TASK BRIEF. As you restate the entries, keep every word intact and leave out whatever images they hold.
** Opening DATA SUPPLIED block **
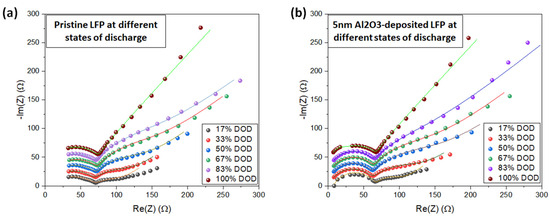 Nyquist plots and fitting lines for the EIS spectra at different states of lithiation for the pristine LFP electrode (a) and 5 nm Al2O3-coated LFP electrodes (b) are shown. The discharge was performed at 0.1C after 100 cycles at room temperature.
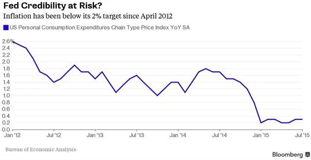 Tvůrci měnové politiky v červenci odhadovali, že na 2 % meziročně by se PCE měl dostat do konce roku. Tyto odhady se ale neshodují s předpověďmi zaměstnanců centrální banky, kteří připravují podklady pro zasedání bankovní rady americké centrální banky. Z dokumentu, který se v červenci dostal na veřejnost, vyplývá, že tito ekonomové předpokládají inflaci pod dvěma procenty ještě v průběhu let 2016 a 2017. Inflace podle nich poroste jen pozvolna.
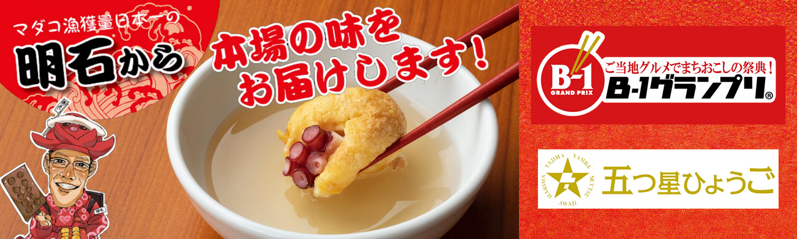 明石夢工房では、『あかし玉子焼(明石焼き)』などを他府県へ出張実演販売も行っています。また、2013年 には『冷凍あかし玉子焼(明石焼き)』の販売を始め、全国各地の皆様に、より便利に当店こだわりの『あかし玉子焼(明石焼き)』を召し上がっていただけるようになりました。
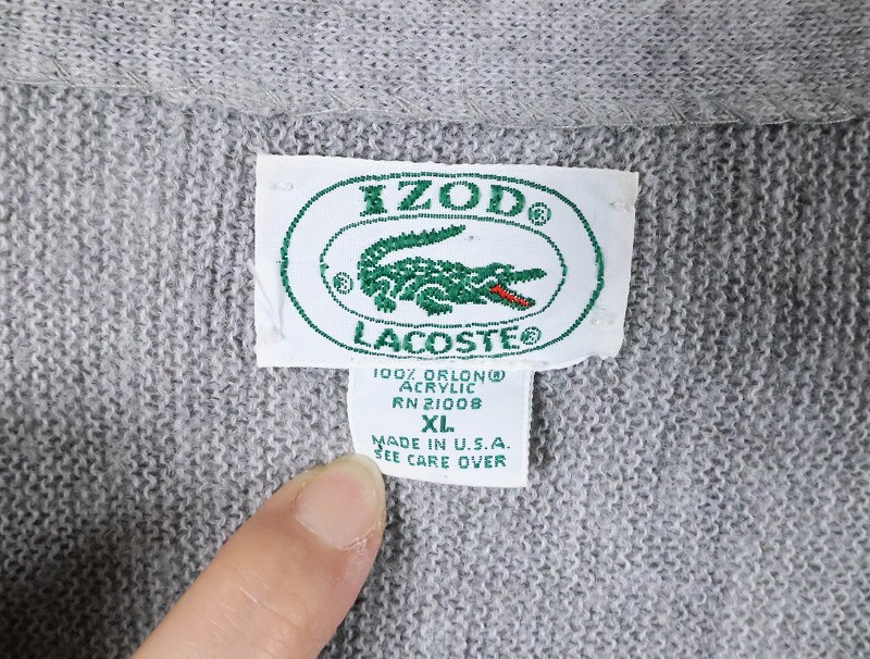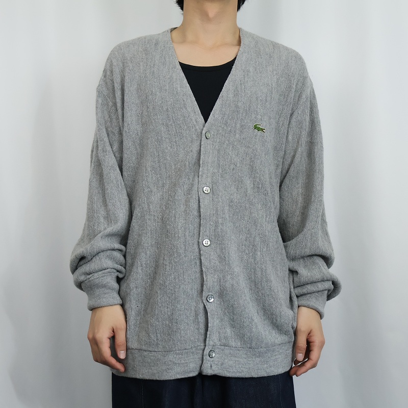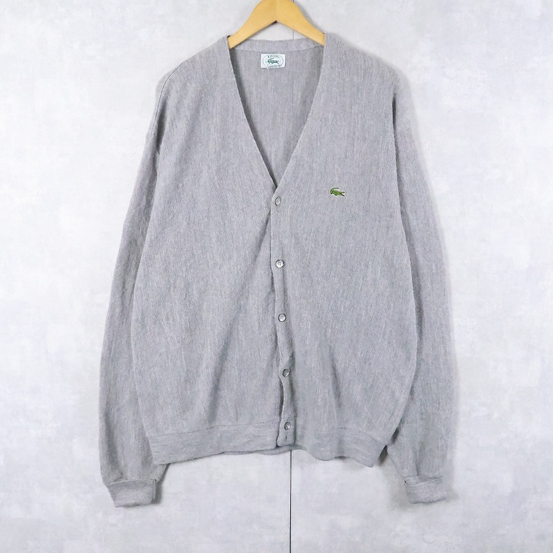 80〜90's IZOD LACOSTE USA製 ロゴ刺繍 アクリルニットカーディガン XL [165888]
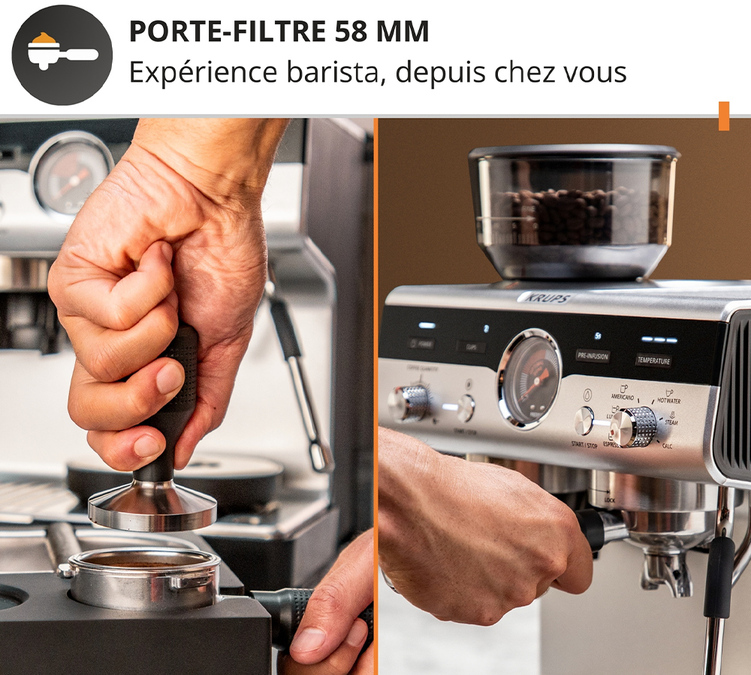 L’interface intuitive de la Krups Precision simplifie chaque étape de votre préparation. Ajustez facilement la quantité de mouture et sélectionnez une extraction pour une ou deux tasses en toute simplicité. Le manomètre intégré en façade vous offre un contrôle précis sur l'extraction, vous permettant d'affiner chaque dégustation pour un résultat toujours à la hauteur de vos attentes.
** Closing DATA SUPPLIED block **
WRITTEN RESPONSE.
 Nyquist plots and fitting lines for the EIS spectra at different states of lithiation for the pristine LFP electrode (a) and 5 nm Al2O3-coated LFP electrodes (b) are shown. The discharge was performed at 0.1C after 100 cycles at room temperature.
 Tvůrci měnové politiky v červenci odhadovali, že na 2 % meziročně by se PCE měl dostat do konce roku. Tyto odhady se ale neshodují s předpověďmi zaměstnanců centrální banky, kteří připravují podklady pro zasedání bankovní rady americké centrální banky. Z dokumentu, který se v červenci dostal na veřejnost, vyplývá, že tito ekonomové předpokládají inflaci pod dvěma procenty ještě v průběhu let 2016 a 2017. Inflace podle nich poroste jen pozvolna.
 明石夢工房では、『あかし玉子焼(明石焼き)』などを他府県へ出張実演販売も行っています。また、2013年 には『冷凍あかし玉子焼(明石焼き)』の販売を始め、全国各地の皆様に、より便利に当店こだわりの『あかし玉子焼(明石焼き)』を召し上がっていただけるようになりました。
 80〜90's IZOD LACOSTE USA製 ロゴ刺繍 アクリルニットカーディガン XL [165888]
 L’interface intuitive de la Krups Precision simplifie chaque étape de votre préparation. Ajustez facilement la quantité de mouture et sélectionnez une extraction pour une ou deux tasses en toute simplicité. Le manomètre intégré en façade vous offre un contrôle précis sur l'extraction, vous permettant d'affiner chaque dégustation pour un résultat toujours à la hauteur de vos attentes.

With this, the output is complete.